# [Extracted entries]
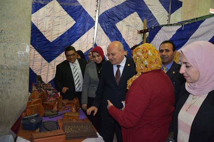 وقد تفقد رئيس الجامعة ومرافقوه أجنحة المعرض التي ضمت عرض بعض المنتجات من المواد الغذائية من منتجات الألبان والدواجن التي تقدمها كليتي الزراعة والطب البيطري وجناح كلية التربية النوعية الذي ضم بعض اللوحات الفنية والمشغولات اليدوية والملابس، وكما تفقد بعض أجنحة المعرض من الخارج وشملت أدوات منزلية وملابس وأحذية ومنتجات جلدية وأجهزة معمرة .
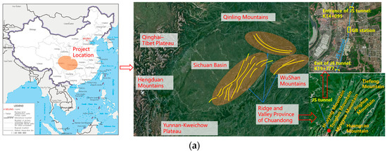 Chongqing is one of the central cities in western China. It is also an important hub for the medium and long–term plans of China’s eight horizontal and eight vertical high–speed railway networks, and it occupies an important position in China’s railway transportation. It is located in the Ridge and Valley Province of Chuandong, and the landform is dominated by mountains and hills, of which mountains account for more than 76%, which is known as a mountain city. Thus, tunnels have become key projects in local engineering [1,2]. The main geological and environmental characteristics in the Chongqing region are as follows: interbedded deposits of mudstone and sandstone are widely distributed and belong to a typical red layer [3]; crustal movements are very active; rainfall is abundant and strong [4]. These geological and environmental characteristics may produce a complex in situ stress field. Meanwhile, the surrounding rock is dominated by soft rock, which is easily softened by water. Such landforms and poor geological conditions adversely impact the construction of tunnels, such as large deformation, which often leads to the failure of the surrounding rock and supporting structure of the tunnel [5,6]. For example, the Jiazhuqing tunnel [7], Yacambú–Quibor tunnel [8] and Simplon tunnel [9] all experience large deformations due to the soft surrounding rock and poor geology conditions. In addition to large deformations, tunnel collapse, water and mud inrush are also common geological disasters in soft rock tunnel construction [10,11]. Therefore, an in–depth study of the mechanical properties of rock masses is highly necessary for the typical difficult tunnel projects in this area. It will help estimate the possible risks of tunnel excavation, and it has important guiding significance for the design and construction of tunnels in similar geological areas.
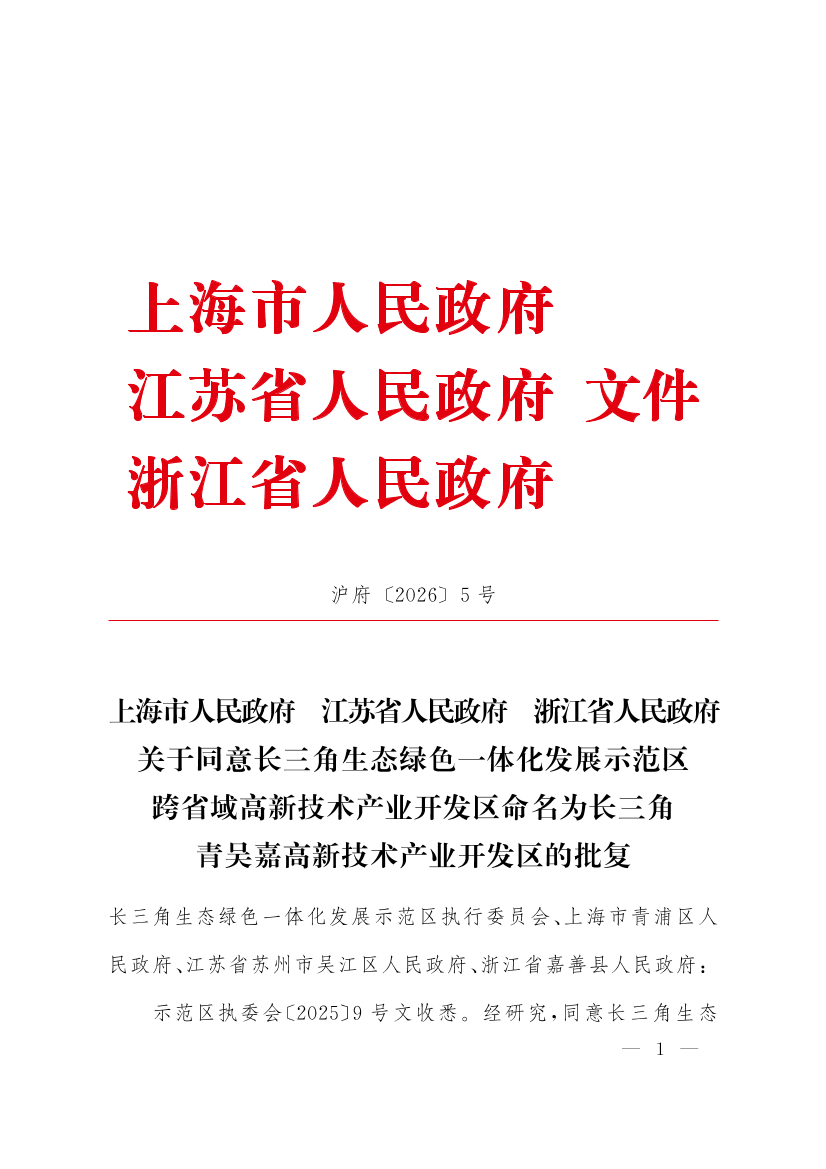 上海市人民政府 江蘇省人民政府 浙江省人民政府關(guān)于同意長三角生態(tài)綠色一體化發(fā)展示范區(qū)跨省域高新技術(shù)產(chǎn)業(yè)開發(fā)區(qū)命名為長三角青吳嘉高新技術(shù)產(chǎn)業(yè)開發(fā)區(qū)的批復(fù)
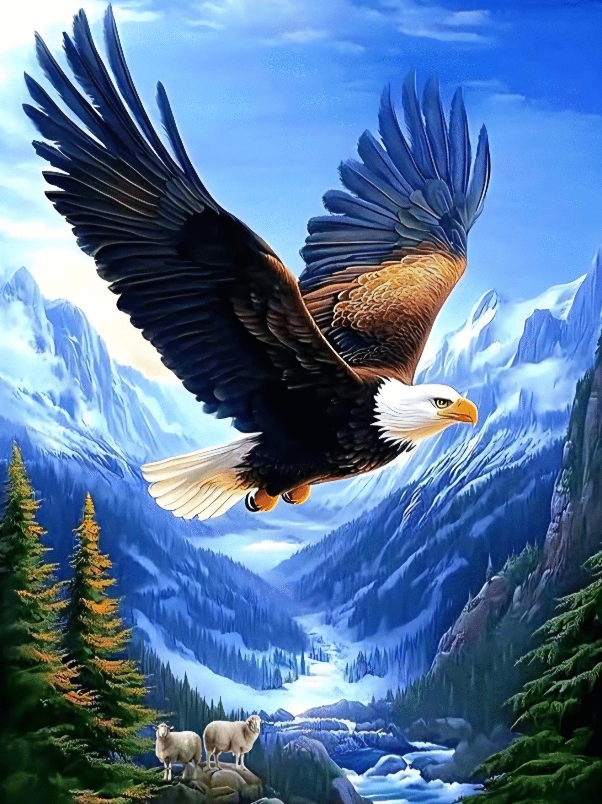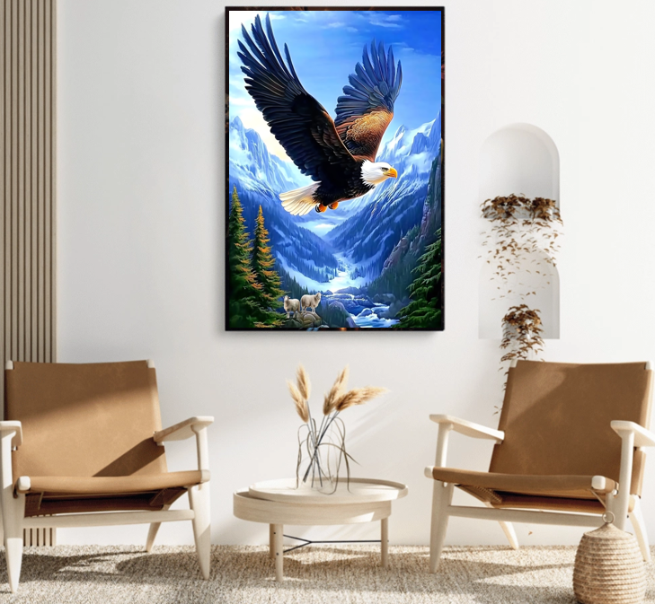 Een adelaar zweeft hoog boven een berglandschap, zijn vleugels wijd uitgespreid, zijn blik scherp en vrij. Dit indrukwekkende ontwerp vangt het moment waarop natuur en kracht samenkomen: besneeuwde toppen, diepe valleien en een adelaar die de lucht beheerst.
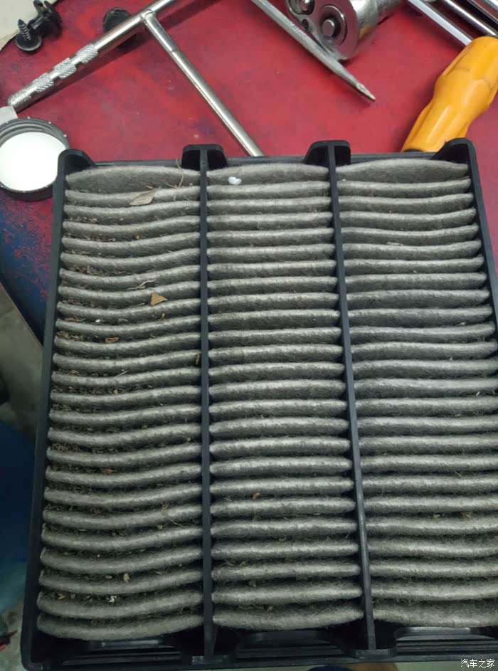 这是空气格,4w公里还没换过,上面有很多小蚊子灰尘什么的,这次果断换换换!
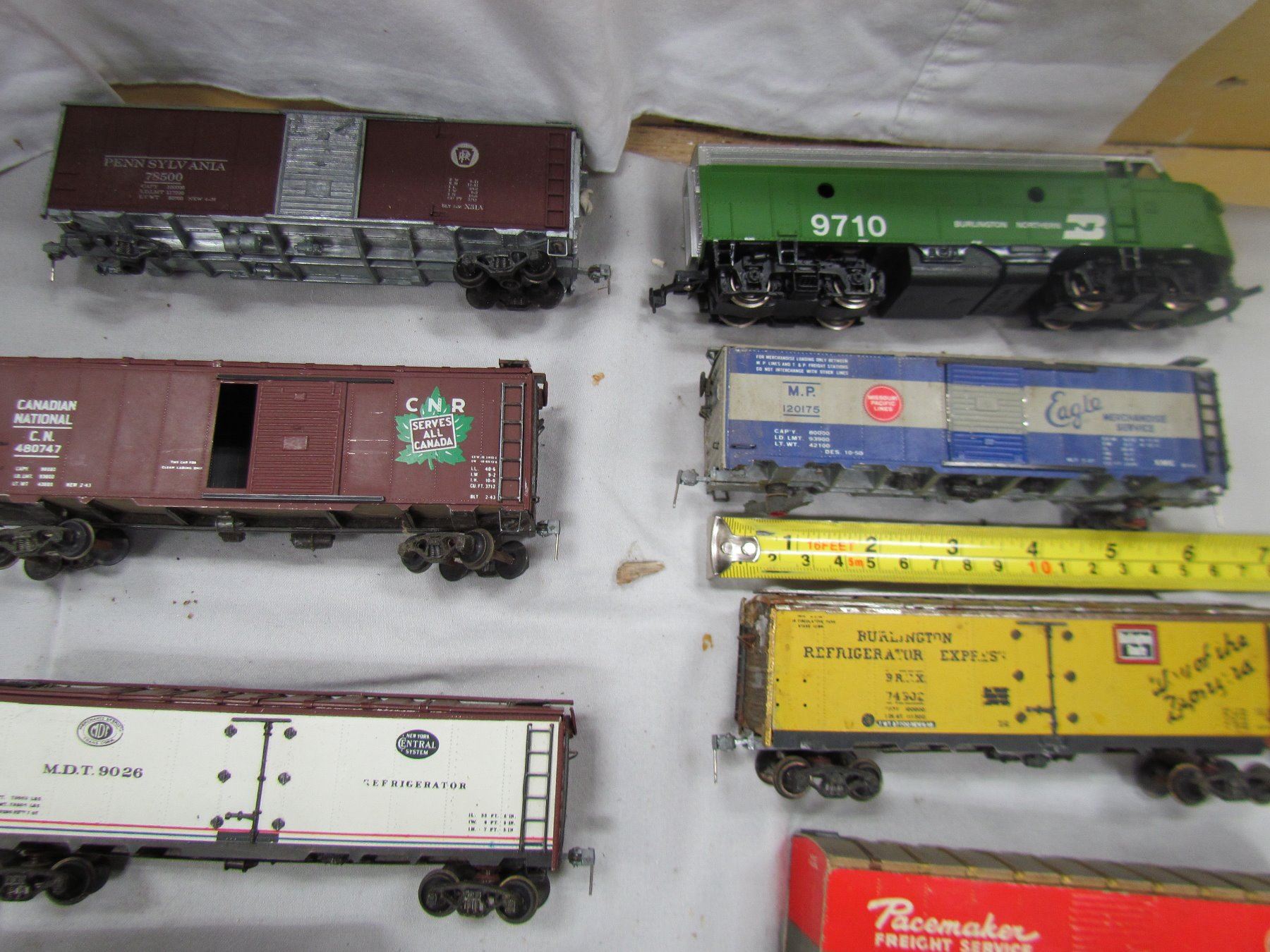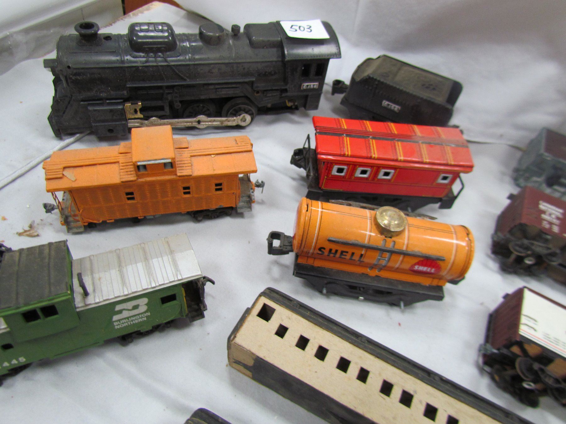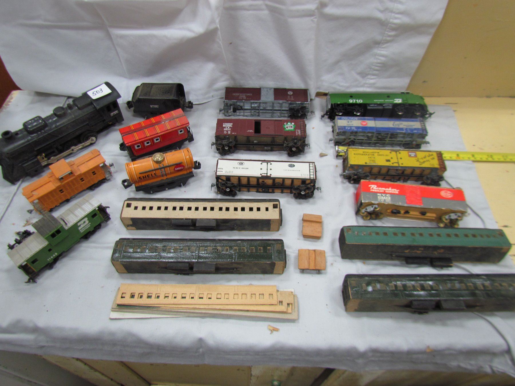 LOT OF 17 TOY TRAIN CARS ( ENGINES, CABOOSE, ETC…)

# [Task prompt]
What belongs in the answer is each line above, reproduced exactly, and no picture.

# [Solution for this exercise]
 وقد تفقد رئيس الجامعة ومرافقوه أجنحة المعرض التي ضمت عرض بعض المنتجات من المواد الغذائية من منتجات الألبان والدواجن التي تقدمها كليتي الزراعة والطب البيطري وجناح كلية التربية النوعية الذي ضم بعض اللوحات الفنية والمشغولات اليدوية والملابس، وكما تفقد بعض أجنحة المعرض من الخارج وشملت أدوات منزلية وملابس وأحذية ومنتجات جلدية وأجهزة معمرة .
 Chongqing is one of the central cities in western China. It is also an important hub for the medium and long–term plans of China’s eight horizontal and eight vertical high–speed railway networks, and it occupies an important position in China’s railway transportation. It is located in the Ridge and Valley Province of Chuandong, and the landform is dominated by mountains and hills, of which mountains account for more than 76%, which is known as a mountain city. Thus, tunnels have become key projects in local engineering [1,2]. The main geological and environmental characteristics in the Chongqing region are as follows: interbedded deposits of mudstone and sandstone are widely distributed and belong to a typical red layer [3]; crustal movements are very active; rainfall is abundant and strong [4]. These geological and environmental characteristics may produce a complex in situ stress field. Meanwhile, the surrounding rock is dominated by soft rock, which is easily softened by water. Such landforms and poor geological conditions adversely impact the construction of tunnels, such as large deformation, which often leads to the failure of the surrounding rock and supporting structure of the tunnel [5,6]. For example, the Jiazhuqing tunnel [7], Yacambú–Quibor tunnel [8] and Simplon tunnel [9] all experience large deformations due to the soft surrounding rock and poor geology conditions. In addition to large deformations, tunnel collapse, water and mud inrush are also common geological disasters in soft rock tunnel construction [10,11]. Therefore, an in–depth study of the mechanical properties of rock masses is highly necessary for the typical difficult tunnel projects in this area. It will help estimate the possible risks of tunnel excavation, and it has important guiding significance for the design and construction of tunnels in similar geological areas.
 上海市人民政府 江蘇省人民政府 浙江省人民政府關(guān)于同意長三角生態(tài)綠色一體化發(fā)展示范區(qū)跨省域高新技術(shù)產(chǎn)業(yè)開發(fā)區(qū)命名為長三角青吳嘉高新技術(shù)產(chǎn)業(yè)開發(fā)區(qū)的批復(fù)
 Een adelaar zweeft hoog boven een berglandschap, zijn vleugels wijd uitgespreid, zijn blik scherp en vrij. Dit indrukwekkende ontwerp vangt het moment waarop natuur en kracht samenkomen: besneeuwde toppen, diepe valleien en een adelaar die de lucht beheerst.
 这是空气格,4w公里还没换过,上面有很多小蚊子灰尘什么的,这次果断换换换!
 LOT OF 17 TOY TRAIN CARS ( ENGINES, CABOOSE, ETC…)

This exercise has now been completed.